Stop the Data Pipeline

Stop the orders_pipeline data pipeline using the STOP PIPELINE SQL statement.
SQL
STOP PIPELINE orders_pipeline;
Inspect the pipeline status using this SELECT SQL statement and the pipeline_status information schema view.
SQL
SELECT
  status
FROM information_schema.pipeline_status
WHERE
  pipeline_name = 'orders_pipeline';
While the pipeline is stopping, the status might appear as STOPPING while the pipeline wraps up work in process and commits offsets back to Kafka. After the status changes to STOPPED, you can proceed to the next step. A pipeline might not be in a running state when you modify it.

Modify the Data Pipeline

In this example, use the CREATE PIPELINE OR REPLACE SQL statement to update the data pipeline. This statement maintains the same offsets with the Kafka topic and ensures that data is deduplicated correctly when the pipeline resumes. Add the BAD_DATA_TARGET option and specify the Kafka target and details. Use the same Kafka broker as the source and bad data target in this example.
SQL
CREATE PIPELINE OR REPLACE orders_pipeline
BAD_DATA_TARGET
  KAFKA
    BOOTSTRAP_SERVERS '192.0.2.1:9092'
    TOPIC 'orders_errors'
SOURCE
  KAFKA
    BOOTSTRAP_SERVERS '192.0.2.1:9092'
    TOPIC 'orders'
EXTRACT
  FORMAT json
INTO public.orders
SELECT
  $id as id,
  $user_id as user_id,
  $product_id as product_id,
  $subtotal as subtotal,
  $tax as tax,
  $total as total,
  $discount as discount,
  $created_at as created_at,
  $quantity as quantity;

Step 3: Start the Data Pipeline with an Error Limit

Start the orders_pipeline data pipeline. In this case, set a maximum error limit so that the pipeline fails if 10 errors occur. An ERROR LIMIT might not be chosen for a continuously streaming pipeline if it is critical to keep up with newly arriving data, because the pipeline can stop suddenly and cause data freshness to fall behind. However, this example shows how error limits behave and how error states appear in pipelines.
SQL
START PIPELINE orders_pipeline
ERROR LIMIT 10;
The pipeline status changes to STARTED to indicate that it has begun processing.
For file-based loads, the START PIPELINE SQL statement includes options for FILE_ERRORS that are useful for controlling error handling in different file failure modes. Options include failing on error, skipping on file error, and tolerating file-level errors. See the Start Pipeline Command Reference for details.
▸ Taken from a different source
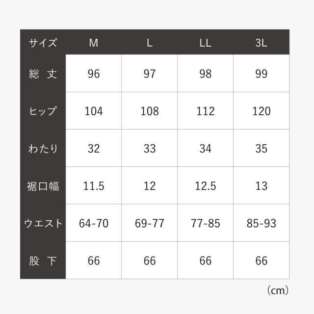 ■サイズ:M/総丈96、ヒップ104、わたり32、裾口幅11.5、ウエスト64-70、股下66、L/総丈97、ヒップ108、わたり33、裾口幅12、ウエスト69-77、股下66、LL/総丈98、ヒップ112、わたり34、裾口幅12.5、ウエスト77-85、股下66、3L/総丈99、ヒップ120、わたり35、裾口幅13、ウエスト85-93、股下66cm

Step 4: Produce Data with Errors into Kafka

With the data pipeline in place and running, data immediately begins to load from the Kafka topics that are configured in the pipeline from the last committed offsets after the pipeline stopped. For test purposes, kafkacat is a helpful utility that makes it easy to produce records in a topic. For example, if you have a file of sample data orders_with_errors.jsonl in a JSONL format (newline-delimited JSON records), you can run this command to send those records into your Kafka broker. <broker_ip_address> is the IP address of the Kafka broker and <topic_name> is the name of the Kafka topic.
Shell
kafkacat -b <broker_ip_address>:9092 -t <topic_name> -T -P -l orders_with_errors.jsonl
Save an example document to your file system to use for this test. For this example, you can download an example file from https://ocient-docs.s3.amazonaws.com/metabase_samples/jsonl/orders_with_errors.jsonl and save it to ~/orders_with_errors.jsonl. Assume the broker is running at 192.0.2.1, to send data into the orders topic defined in the pipeline definition, run this command.
Shell
kafkacat -b 192.0.2.1:9092 -t orders -T -P -l orders_with_errors.jsonl
This command pushes the entire JSONL file of messages into Kafka with one record per line. As these records are produced into Kafka, the running pipeline begins to load them into Ocient.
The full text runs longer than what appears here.